For half a year, the consultant completely installed all the processes. One of the conditions concerned me — I was not to interfere with work by my ideas, by my own chips. To make me busy, although I always had many projects, I went to study at the International Business Institute at Executive MBA. In fact, five days a month, I was very busy, and my energy found its course. Since then, I have not returned to practice such detailed management of the company.

Yes, there are projects where I am a mentor, helping to systematize business processes. But I do not intervene with work by my micromanagement.

LJ: What does an MBA mean to you? There are different opinions. Some people say that an MBA is useful when you have already your own experience because if you study at the very beginning of your career, it will harm you and set limitations.

Ya.M.: In general, I am very cautious about the modern education system. MBA courses may be different; we must remember this.

I had a goal to systematize both my knowledge and my experience — there was plenty of both. I wanted a systematic approach. And the MBA helped me with that. MBA course helped to look at many businesses from another perspective.


Therefore, I believe that an MBA is necessary. But you should take into account a number of conditions. The first one is the time when you do it. At the beginning of a career, when a person creates a business, I would agree, it is better not to go to study at such a school. It will set limitations. I think if I had had an MBA diploma in 2004 and had known everything I know now, I would hardly have taken the advance four years-long order.

LJ: Recently, I was talking with Alexey Avramenko from Easy Pay. In the company, he gathered his university friends and classmates and at some point, this familiarity began to interfere with him. He understood that he could not fire them, and he could not make them work. Have you encountered similar problems?

Ya.M.: I have always hired employees regardless of an acquaintance. In the employees, I value primarily professionalism. Nevertheless, for several years now my university groupmate has been working with me as a partner. From the first days, my brother works in the company. And for me, it is not a hindrance, but a treasure.

You completely trust your close people, and for me the degree of trust between top managers is important. The degree of frankness. I always tell what we do, why and how. That is, I spend a lot of time in conversations with them.

Now, of course, we understand each other at a half-word, «half-SMS». Therefore, on the contrary, I believe that close people are one of the secrets of the success of our agency.


LJ: As for multitasking, how do you handle it? Do you meditate like comrades from the Ukrainian office of Deloitte? They even have a sign on the third floor “Meditation at 3.30 pm”.

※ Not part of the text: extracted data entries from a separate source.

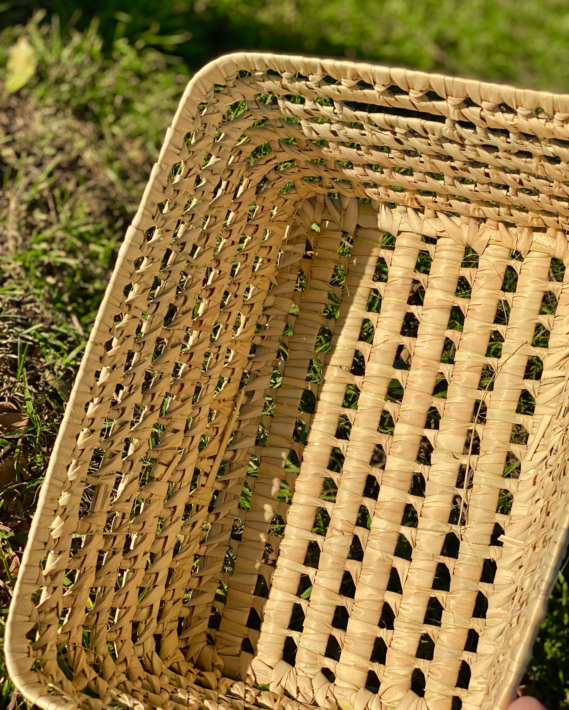 Handmade, natural color. It has multiple uses as a storage box. Very durable and easy to clean.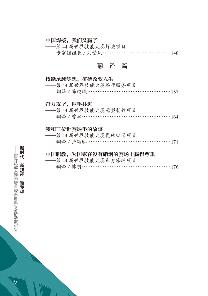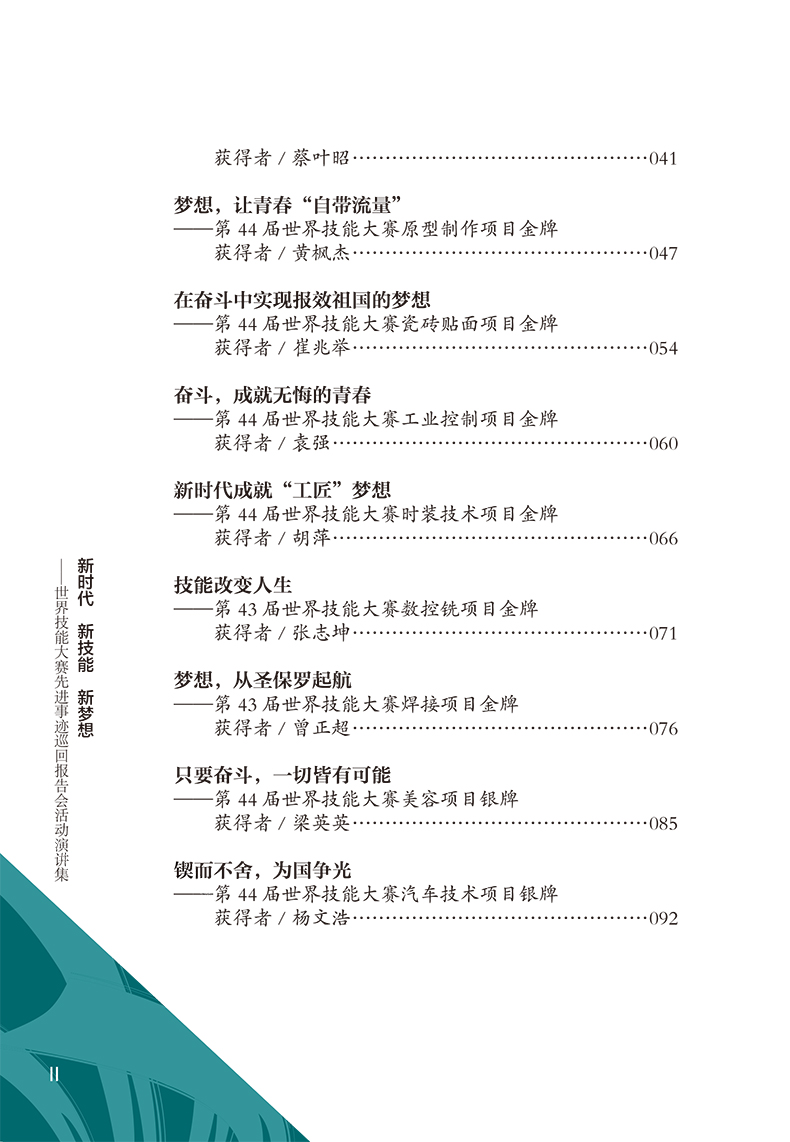 为宣传本次世界技能大赛先进事迹,充分地展现选手及专家、教练、翻译的风采,让社会更广泛地了解世界技能大赛先进事迹巡回报告会内容,我们组织编写了本书。书中的内容为选手及专家、教练、翻译在活动中的演讲报告,每个人的演讲都发自肺腑、生动感人,充分展现了技能成就梦想的拼搏经历。希望他们的经历能更好地激发青年人的报国热情,促进技能水平的提升。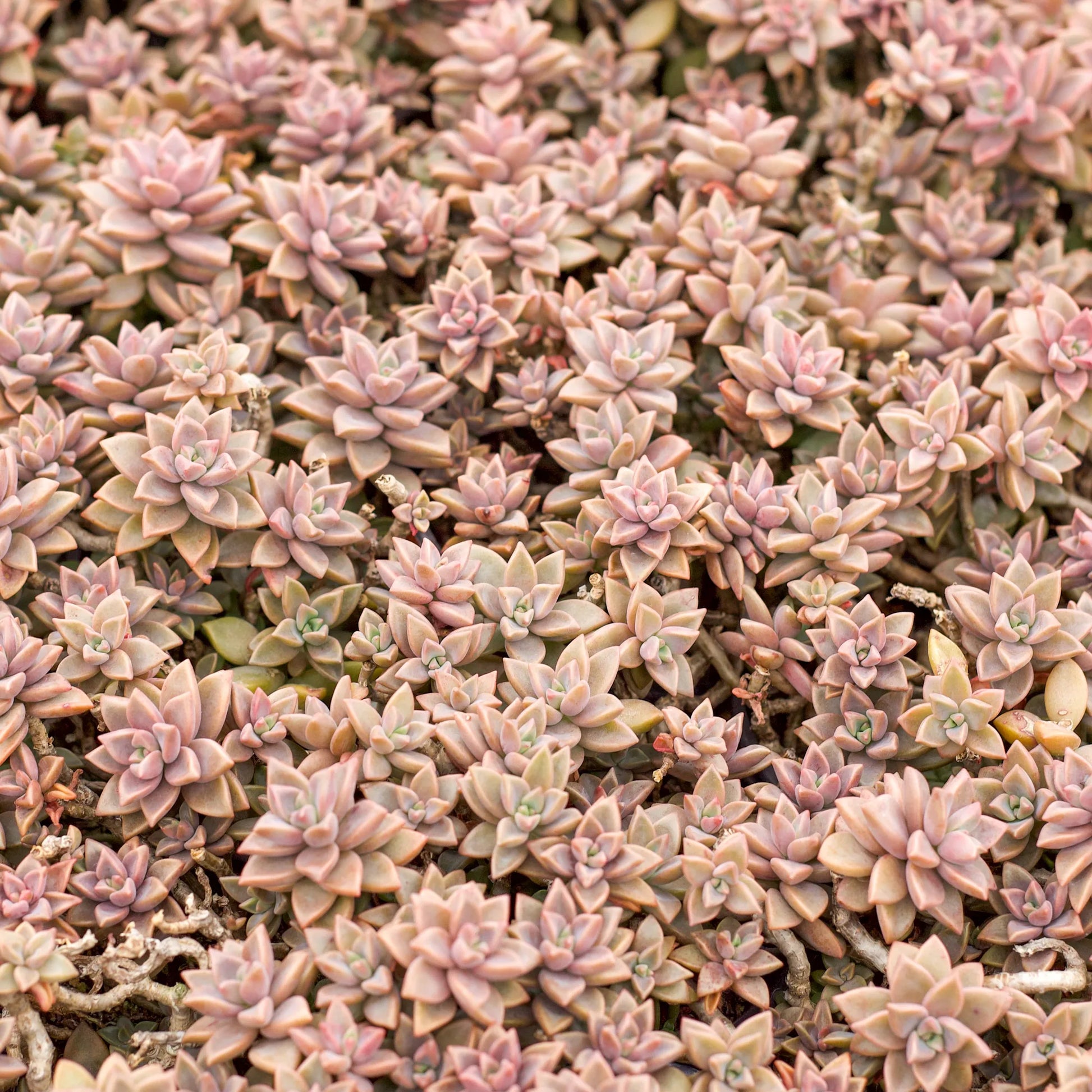 A hybrid succulent variety named for the famed British botanical artist and author, G. ‘Alpenglow’ sports fleshy leaves in shades of red, coral, or even bronze, which whorl around the stem before culminating in rosettes at the tip. The color of the 1- inch long leaves will deepen in stronger sunlight or cooler (but not freezing!) temperatures, and begin reverting to a silvery green in darker conditions. Growing to about 8-10 inches tall, the stems will begin to drape over the edges of the pot, making for a particularly eye-catching arrangement.

Ya.M.: I am hard to be surprised because I had many time management and organization training courses.

As an organizer of events with mad multi-tasking, I had to come up with a certain system. And I designed it. My task filtering system is similar to a well-known GTD (Getting Things Done) method.

One of its principles is to remove the “mental chewing gum” from your mind and write it down on paper to free your mind for more global, interesting tasks. All trifles should go to notebooks organized in a certain way. For me, it has long since being a skill.

And yes, I also do meditation. 20 minutes a day, I devote to transcendental meditation, which helps me to raise energy to a new level and put my mind in order. Multitasking takes off your energy; you need to remember this.